Une invitation à regarder au-delà des lancements

L’industrie spatiale commerciale a encore tendance à définir le progrès par la cadence des lancements, la taille des fusées et le volume de déploiement. Une nouvelle feuille de route présentée dans SpaceNews soutient que cette vision est trop étroite et que la prochaine contrainte à la croissance est de plus en plus orbitale, et non terrestre. La réponse proposée est une économie espace à espace, ou S2S, centrée sur le service aux satellites, la consolidation des ressources déjà en orbite et la fabrication d’infrastructures plus près de leur lieu d’utilisation.

L’argument part d’un constat pratique : ce sont les satellites, et non les fusées, qui génèrent la majeure partie de la valeur de l’économie spatiale actuelle. Pourtant, le nombre d’objets actifs en orbite terrestre basse augmente rapidement, l’article indiquant que le total double tous les deux ans. Ce rythme crée une congestion qu’une simple hausse des lancements ne peut pas résoudre.

La congestion orbitale comme problème économique

À mesure que le trafic augmente, les satellites doivent effectuer davantage de manœuvres pour éviter les collisions. Ces manœuvres consomment du propergol, augmentent les coûts d’exploitation et raccourcissent la durée de vie des missions. Il en résulte une inefficacité cumulative. Plus il faut brûler de carburant pour le maintien à poste, plus il faut remplacer les satellites, plus il faut lancer de nouvelles unités pour reconstituer les constellations, et plus on abandonne de matériel en fin de vie.

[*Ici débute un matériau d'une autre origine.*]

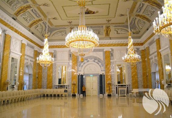 在这些大厅里,最难修复的是大理石厅。艺术研究家叶戈罗娃说:“所有的墙、柱、壁柱表面都用五个色调、深浅不一的仿大理石装饰。这些以石膏、大理石粉和颜料为材料的仿大理石,制作时要像俄罗斯古代那样,用腊对每一层进行手工抛光。这些仿大理石不仅制造工艺难度高,而且制造费用昂贵。”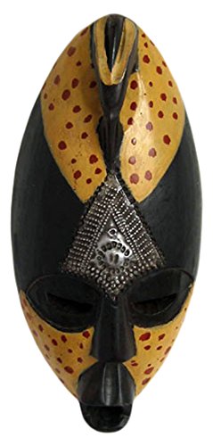 NOVICA Decorative Ghanaian Sese Wood and Brass Mask, Yellow and Black 'Harvest Dance'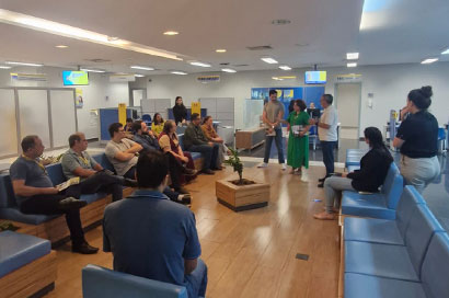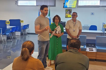Em Campo Grande, os diretores do SEEBCG-MS - Luciana Rodrigues, Rubens Jorge Alencar, Álvaro Marzochi e Marcley Telles -, se reuniram com os empregados e empregadas da agência Tijuca. A pauta central foi a defesa de condições dignas de trabalho e o combate às metas consideradas inatingíveis.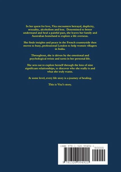 In her quest for love, Vita encounters betrayal, duplicity, sexuality, alcoholism and loss. Determined to better understand and heal a painful past, she leaves her family and Australian homeland to explore a life overseas. She finds insights and peace in the French countryside then moves to busy, professional London to help women villagers in India. Throughout, she is driven by the emotional and psychological twists and turns in her personal life. She sets out to explore herself through the lens of nine significant relationships, to discover who she really is and what she truly wants. At some level, every life story is a journey of healing. This is Vita's story.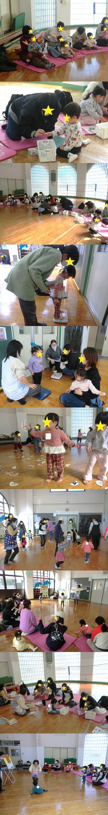 ~10日~ この日は2・3歳の子が多く、ほとんどの子が4月から園に通うため、最後のクラブという子がたくさんいましたよ!みんなで最後に成長をお祝いしたかったので、『おおきくなるっていうことは』の絵本を読みました。集中力があり、親子で楽しくお話を聞いてくれましたよ(*^-^*) 製作後は、みんなで『アンパンマン絵あわせゲーム』をしました☆ どの子もアンパンマンが大好きなので、出たキャラクターを探して絵あわせゲームができましたよ!すごく盛り上がって楽しいクラブにすることができました♪ ~13日~ この日は、ほとんどの子が1歳児でした。集中力が続かないこともあり、ふれあい遊びを3曲やって体を動かしました。その後ペープサートやパネルシアターをいつもより多く取り入れてみました☆いろんな歌や曲が流れるので、親子で楽しい時間を過ごすことができましたよ☺✨ 両日とも「成長カード」を作りました。 たくさんパーツがありましたが、親子で協力し合いながら楽しくカードを作ることができました!手形も自分の好きな色を選んで、上手に押すことができましたよ☺🎵 他にも身長・体重も測りました。ママに見守ってもらいながら、身長計・体重計に乗り『大きくなったね!』と一緒に成長を喜ぶ姿が見られましたよ(*^-^*) 私たち職員も、みんなと一緒に成長を祝うことができてよかったです☆ |

La réponse dominante actuelle consiste à désorbiter les satellites une fois leur mission achevée. La feuille de route soutient que cela détruit du matériel et des minéraux critiques qui ont déjà absorbé le coût du lancement. Dans cette logique, la congestion orbitale n’est pas seulement une question de débris ou de sécurité. C’est aussi un problème de gestion des ressources créé par le fait de traiter l’environnement spatial comme une chaîne logistique à sens unique.

Le modèle S2S proposé en trois volets

  • Capture, service et transport pour le ravitaillement, la logistique et la réparation.
  • Recyclage de satellites pour consolider les débris et transformer les matériaux en matières premières.
  • Fabrication en orbite pour construire de nouveaux équipements à partir de matériaux orbitaux.